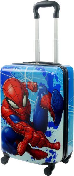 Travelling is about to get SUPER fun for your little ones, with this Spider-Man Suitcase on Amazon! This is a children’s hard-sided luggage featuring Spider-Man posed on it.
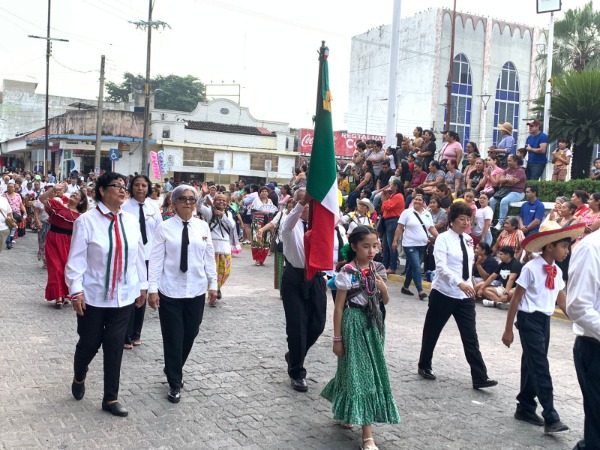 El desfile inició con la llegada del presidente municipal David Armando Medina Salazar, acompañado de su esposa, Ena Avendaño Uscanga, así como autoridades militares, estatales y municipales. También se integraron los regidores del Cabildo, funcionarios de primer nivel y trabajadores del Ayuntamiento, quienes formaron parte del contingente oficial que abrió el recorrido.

==

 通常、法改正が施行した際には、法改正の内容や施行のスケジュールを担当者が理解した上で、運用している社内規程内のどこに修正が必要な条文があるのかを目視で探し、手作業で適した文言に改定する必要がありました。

# [Exercise prompt]
In the listing above, find the line with "Travelling is about" and output every line through the one with "El desfile inició", exactly, without the pictures.

# [Answer area]
 Travelling is about to get SUPER fun for your little ones, with this Spider-Man Suitcase on Amazon! This is a children’s hard-sided luggage featuring Spider-Man posed on it.
 El desfile inició con la llegada del presidente municipal David Armando Medina Salazar, acompañado de su esposa, Ena Avendaño Uscanga, así como autoridades militares, estatales y municipales. También se integraron los regidores del Cabildo, funcionarios de primer nivel y trabajadores del Ayuntamiento, quienes formaron parte del contingente oficial que abrió el recorrido.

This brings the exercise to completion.